◆ Available records ◆
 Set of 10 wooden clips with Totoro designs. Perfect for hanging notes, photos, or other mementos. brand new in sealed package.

==

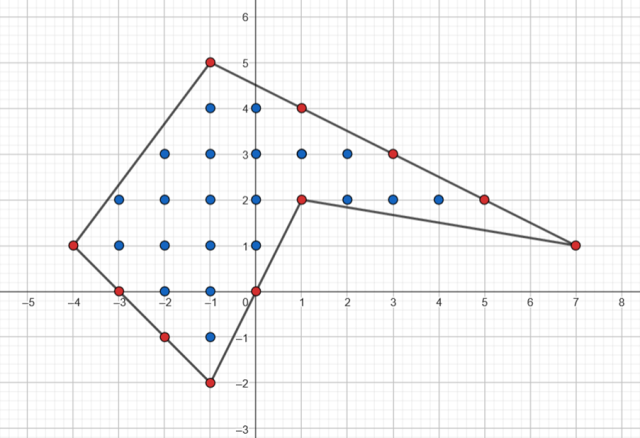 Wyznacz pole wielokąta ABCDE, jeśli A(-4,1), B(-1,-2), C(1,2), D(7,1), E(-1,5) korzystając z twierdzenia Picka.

* * *

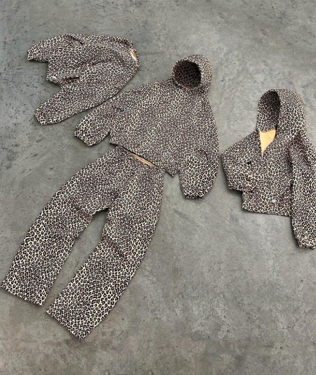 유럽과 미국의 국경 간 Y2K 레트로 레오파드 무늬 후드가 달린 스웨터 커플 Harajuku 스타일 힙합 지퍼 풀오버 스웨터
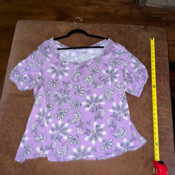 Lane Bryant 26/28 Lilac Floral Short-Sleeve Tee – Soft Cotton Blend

◆ What the exercise asks ◆
Where a picture appears in the records above, omit it, and transcribe exactly the stretch of lines from the one with "유럽과 미국의 국경 간" through the one with "Lane Bryant 26/28".

◆ Task solution ◆
 유럽과 미국의 국경 간 Y2K 레트로 레오파드 무늬 후드가 달린 스웨터 커플 Harajuku 스타일 힙합 지퍼 풀오버 스웨터
 Lane Bryant 26/28 Lilac Floral Short-Sleeve Tee – Soft Cotton Blend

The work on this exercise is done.